When Dale DeGroff met restaurateur, Joseph Baum, in 1985 it was the start of a friendship and partnership that is still influencing cocktail culture across the world.
Dale, as know as ‘King Cocktail’ is widely recognised as one of the key players in defining and creating the modern-day craft cocktail movement. But what is particularly interesting about this story is that Dale didn’t, certainly initially, re-write the book on cocktail creation. Fair from it, in fact he went back to books that had already been written, but that has been widely ignored for years, if not decades.
“Back in 1985, Joe forced me to go back to the 19th century and to the books that I had accumulated over the years,” Dale told The Shout.
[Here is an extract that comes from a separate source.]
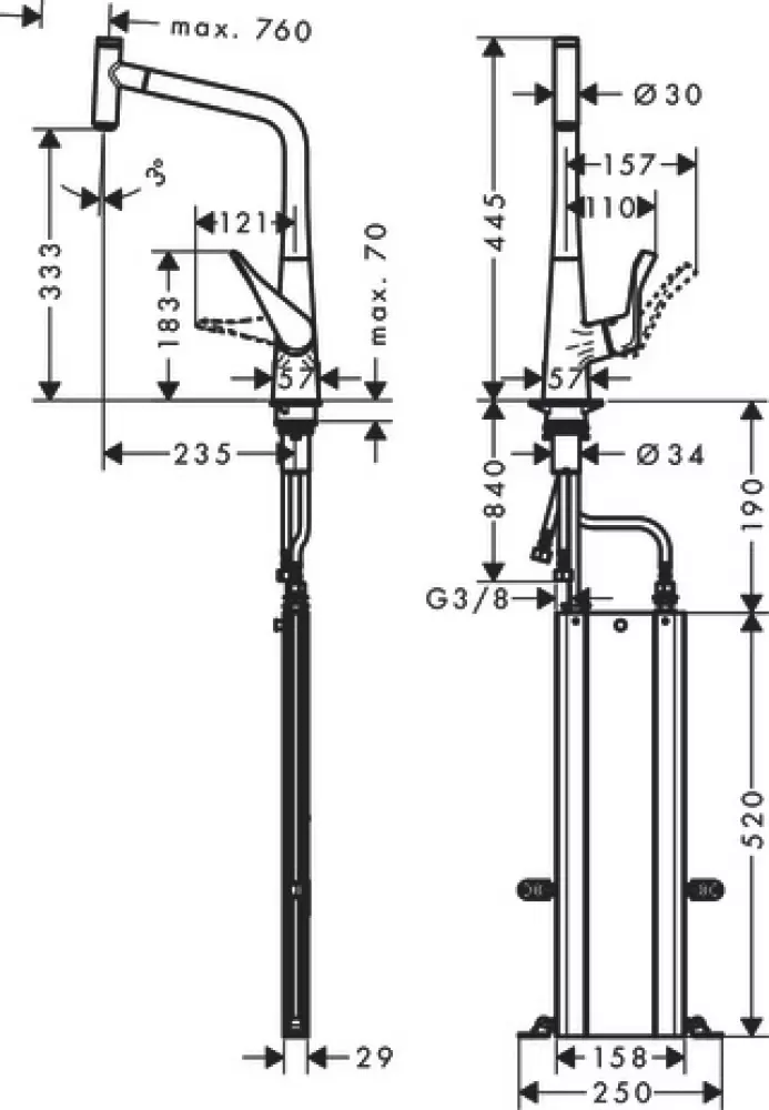 | Высота излива, см | 33.3 |

“I worked with Joe on so many projects including the Rainbow Room and its changing menu. But if you go back to the first menu we had there and you look at the drinks, they are all classics from the 19th and early 20th centuries.
“This was stuff that just wasn’t on the menu anywhere. These hadn’t been on the menu since before prohibition in many cases, and so I was able to rotate in really great drinks that hadn’t been seen or been on menus since before prohibition.
“But the interesting thing is that Joe didn’t want variations, he wanted to classics, he wanted to bring back drinks that many people would never have seen on a menu – but they were the classics.
“Our job was to create drinks with tradition and dishes with tradition.”
Dale then told The Shout that as the craft cocktail movement re-embraced the classics, evolution came and things started to change.
“It was the people who saw what I was doing and what was happening in the craft movement, who started to say at the end of the last millennium, ‘OK, that’s cool, but what happens if I put Mezcal into the Old Fashioned’ and that’s when things started to get really interesting across many craft bars around the world.”
This idea of not re-inventing the wheel, just reviving classic drinks soon took off as other venues saw the success of Rainbow Room. Not only was dealing serving classic, pre-prohibition cocktails he was doing it with high quality ingredients and proper glassware to help build an incredible atmosphere in the bar that would soon be picked up to establish the craft cocktail movement.
Famed cocktail writer, Robert Simonson, said that Dale was the person behind the revival, and naming of, the cocktail glass that is the Nick & Nora. Dale contacted a local glassware design company in New York and asked them about a glass that had been front and centre in ‘The Thin Man’ series of books and films. Minner Designs sent him a 1930s catalogue and in that he found the ‘Little Martini’ glass. Minners then molded and restarted production of this glass which Dale named after the fictional detectives in the series, Nick and Nora Charles.
But as bartenders now do look at twists, where does the line come? How much of the original recipe do you have to have in order to call the cocktail a twist or a variation?
“You have to stay within the tradition of the drink,” Dale said. “With a Martini, you have to have at least a gin or a vodka in there, you have to have a wine or a fortified wine in there. And then you shake it or it could be stirred and you are staying within the traditions of the drink.
“You still have a lot of latitude. You can put spices in there, whatever you want, as long as you stay within the skeleton of that drink.”
He added: “Same with the Margarita, you have got have Tequila. You have got to have some kind of sour juice, you can choose it, and then you have got to have some kind of sweetener. If you want to make a Margarita with brown sugar, or triple sec or whatever, you just have to have sweet, sour and strong – and in the case of the Margarita the strong has always got to be Tequila.
“Just like chefs have their five basic sauces and they can make variations of those, it’s the same for us, our sauces have three elements: strong, sweet and sour – Go to town.
“We have the Old Fashioned, the original definition of that was a strong mix of spirits, bitters, water and sugar – go to town. That’s where you start as a bartender and if you think of it that way it becomes, first of all, more culinary and second of all you have a path to follow – you are not just randomly throwing shit at the wall.”